Records drawn from a dataset:
● ● ● ●

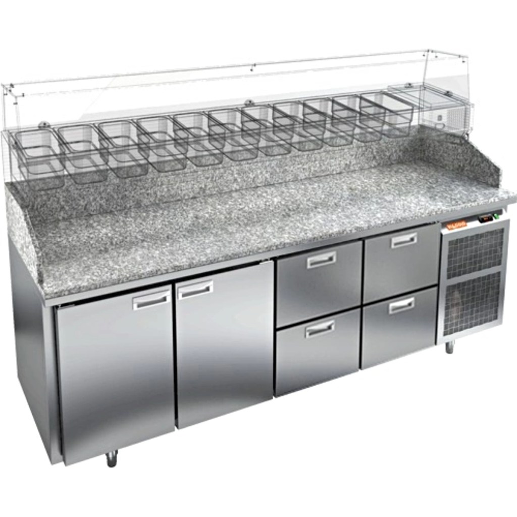 Каталог оборудования Холодильное оборудованиеСтолы охлаждаемыеСтолы холодильные для пиццыСтол холодильный для пиццы HiCold PZ3-1122/GN камень Стол холодильный для пиццы HiCold PZ3-1122/GN камень Код товара: 065-014 Поделиться: WhatsAppTelegram СравнитьДобавить в КПВ избранное 0 345 321 ₽ В корзину 0 шт Под заказСамовывоз сегодня бесплатно Взять в кредит Купить в лизинг Получить консультацию в WhatsApp Описание Характеристики Отзывы 0 Стол холодильный для пиццы HiCold PZE3-221/GN камень предназначен для использования в пиццериях, кафе, магазинах и ресторанах. Он идеально подходит для раскатки теста, подготовки ингредиентов и кратковременного хранения скоропортящихся продуктов. Витрина приобретается отдельно. Стол сочетает корпус из нержавеющей стали и гранитную столешницу, которая устойчива к механическим и температурным нагрузкам и удобна в работе с тестом. Такая конструкция обеспечивает долговечность, гигиеничность и простоту ухода. Особенности модели: Охлаждение: динамическое — равномерное поддержание температуры Оттайка: автоматическая — удобство и экономия времени Панель управления: электронная — точная настройка температуры Ножки: регулируемые по высоте — устойчивость на неровной поверхности Двери: 1 глухая дверца с автоматическими доводчиками и фиксатором открытого положения Ящики: 4 выдвижных ящика — удобное хранение ингредиентов Уплотнители: легкозаменяемые магнитные — герметичность и простота обслуживания Толщина теплоизоляции: 50 мм — сохранение холода и энергоэффективность Рабочая поверхность: глубина 680 мм — удобство работы HiCold PZE3-221/GN камень— это надёжный и функциональный холодильный стол для пиццы, который сочетает прочность, эргономику и эффективное охлаждение. Благодаря гранитной столешнице, корпусу из нержавеющей стали, двум глухим дверям и двум выдвижным ящикам он станет универсальным решением для профессиональной кухни. Изображение товара, представленного на фото, может отличаться от его фактического вида. Показать все Габаритные размеры2280×700×1050 ммДиапазон рабочей температурыот +2 до +10 °CРасположение агрегатаБоковое Материал столешницыГранитная Тип столаС дверьми и ящиками Тип двериГлухая Объём660 лКоличество дверей2 штКоличество ящиков4 штРазмер полки530×325 ммНапряжение220 ВМощность0,5 кВтТип охлажденияДинамическое Тип оттайкиАвтоматическая Габариты в упаковке2430×850×1140 ммВес нетто270 кгВес брутто320 кгБрендHicoldВсе холодильные столы для пиццы HicoldВсе нержавеющие холодильные столы для пиццы Оставить отзыв Еще никто не оставил отзыв на этот товар Ранее просмотрено Под заказ 242 721 ₽ Стол холодильный для пиццы HiCold PZE2-1111/GN (1/6) М
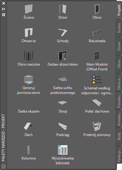 | Narzędzia obiektów | Narzędzie obiektu wstawia obiekt projektu — taki jak ścianę lub zespół okna — do rysunku. Narzędzie obiektu ma przypisany konkretny styl i właściwości: na przykład narzędzie ściany może nazywać się Cegła-4 Cegła-4. |
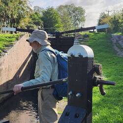 Ball had walked a segment of the CW years ago with a friend. They carried their backpacks and tents, though, and said they threw in the towel after that first day. I shared that's what we were doing in Bath, and he asked how far we walked. When I replied, "100 miles," he was so impressed! "Good on you, mate! That's really somethin'." 😊 He went on like that for some time before heading off for groceries and catching his bus. 😊
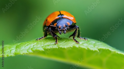 Orange and Black Ladybug on Leaf with Green Blurry Background Macro : Generative AI
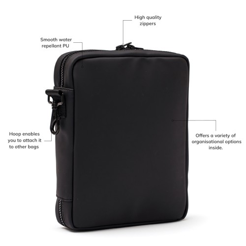 Keep all essentials near at hand with this handy organiser. This gives you a space for everything you need during a day, such as headphones, power bank, pens and notebooks. The snap hook on the short side allows you to attach the bag to a larger bag.

● ● ● ●

A word-for-word copy of every entry, with the pictures left out, is the required answer.

 Каталог оборудования Холодильное оборудованиеСтолы охлаждаемыеСтолы холодильные для пиццыСтол холодильный для пиццы HiCold PZ3-1122/GN камень Стол холодильный для пиццы HiCold PZ3-1122/GN камень Код товара: 065-014 Поделиться: WhatsAppTelegram СравнитьДобавить в КПВ избранное 0 345 321 ₽ В корзину 0 шт Под заказСамовывоз сегодня бесплатно Взять в кредит Купить в лизинг Получить консультацию в WhatsApp Описание Характеристики Отзывы 0 Стол холодильный для пиццы HiCold PZE3-221/GN камень предназначен для использования в пиццериях, кафе, магазинах и ресторанах. Он идеально подходит для раскатки теста, подготовки ингредиентов и кратковременного хранения скоропортящихся продуктов. Витрина приобретается отдельно. Стол сочетает корпус из нержавеющей стали и гранитную столешницу, которая устойчива к механическим и температурным нагрузкам и удобна в работе с тестом. Такая конструкция обеспечивает долговечность, гигиеничность и простоту ухода. Особенности модели: Охлаждение: динамическое — равномерное поддержание температуры Оттайка: автоматическая — удобство и экономия времени Панель управления: электронная — точная настройка температуры Ножки: регулируемые по высоте — устойчивость на неровной поверхности Двери: 1 глухая дверца с автоматическими доводчиками и фиксатором открытого положения Ящики: 4 выдвижных ящика — удобное хранение ингредиентов Уплотнители: легкозаменяемые магнитные — герметичность и простота обслуживания Толщина теплоизоляции: 50 мм — сохранение холода и энергоэффективность Рабочая поверхность: глубина 680 мм — удобство работы HiCold PZE3-221/GN камень— это надёжный и функциональный холодильный стол для пиццы, который сочетает прочность, эргономику и эффективное охлаждение. Благодаря гранитной столешнице, корпусу из нержавеющей стали, двум глухим дверям и двум выдвижным ящикам он станет универсальным решением для профессиональной кухни. Изображение товара, представленного на фото, может отличаться от его фактического вида. Показать все Габаритные размеры2280×700×1050 ммДиапазон рабочей температурыот +2 до +10 °CРасположение агрегатаБоковое Материал столешницыГранитная Тип столаС дверьми и ящиками Тип двериГлухая Объём660 лКоличество дверей2 штКоличество ящиков4 штРазмер полки530×325 ммНапряжение220 ВМощность0,5 кВтТип охлажденияДинамическое Тип оттайкиАвтоматическая Габариты в упаковке2430×850×1140 ммВес нетто270 кгВес брутто320 кгБрендHicoldВсе холодильные столы для пиццы HicoldВсе нержавеющие холодильные столы для пиццы Оставить отзыв Еще никто не оставил отзыв на этот товар Ранее просмотрено Под заказ 242 721 ₽ Стол холодильный для пиццы HiCold PZE2-1111/GN (1/6) М
 | Narzędzia obiektów | Narzędzie obiektu wstawia obiekt projektu — taki jak ścianę lub zespół okna — do rysunku. Narzędzie obiektu ma przypisany konkretny styl i właściwości: na przykład narzędzie ściany może nazywać się Cegła-4 Cegła-4. |
 Ball had walked a segment of the CW years ago with a friend. They carried their backpacks and tents, though, and said they threw in the towel after that first day. I shared that's what we were doing in Bath, and he asked how far we walked. When I replied, "100 miles," he was so impressed! "Good on you, mate! That's really somethin'." 😊 He went on like that for some time before heading off for groceries and catching his bus. 😊
 Orange and Black Ladybug on Leaf with Green Blurry Background Macro : Generative AI
 Keep all essentials near at hand with this handy organiser. This gives you a space for everything you need during a day, such as headphones, power bank, pens and notebooks. The snap hook on the short side allows you to attach the bag to a larger bag.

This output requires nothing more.